[Task inputs]:
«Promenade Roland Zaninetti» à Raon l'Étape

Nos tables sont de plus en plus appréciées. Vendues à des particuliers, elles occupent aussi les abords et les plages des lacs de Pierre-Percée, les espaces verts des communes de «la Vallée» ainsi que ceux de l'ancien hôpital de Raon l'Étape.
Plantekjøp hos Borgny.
--
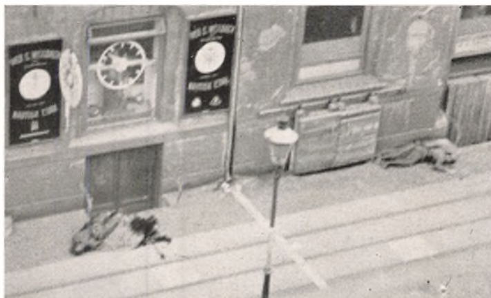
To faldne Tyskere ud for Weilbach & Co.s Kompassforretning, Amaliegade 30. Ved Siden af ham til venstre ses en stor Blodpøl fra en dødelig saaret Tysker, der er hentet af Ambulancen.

[Task requirements]:
Of the lines above, extract only those from the line with "à Raon l'Étape" to the line with "Plantekjøp hos Borgny.", both included, exactly as written.

[Response to the exercise]:
«Promenade Roland Zaninetti» à Raon l'Étape

Nos tables sont de plus en plus appréciées. Vendues à des particuliers, elles occupent aussi les abords et les plages des lacs de Pierre-Percée, les espaces verts des communes de «la Vallée» ainsi que ceux de l'ancien hôpital de Raon l'Étape.
Plantekjøp hos Borgny.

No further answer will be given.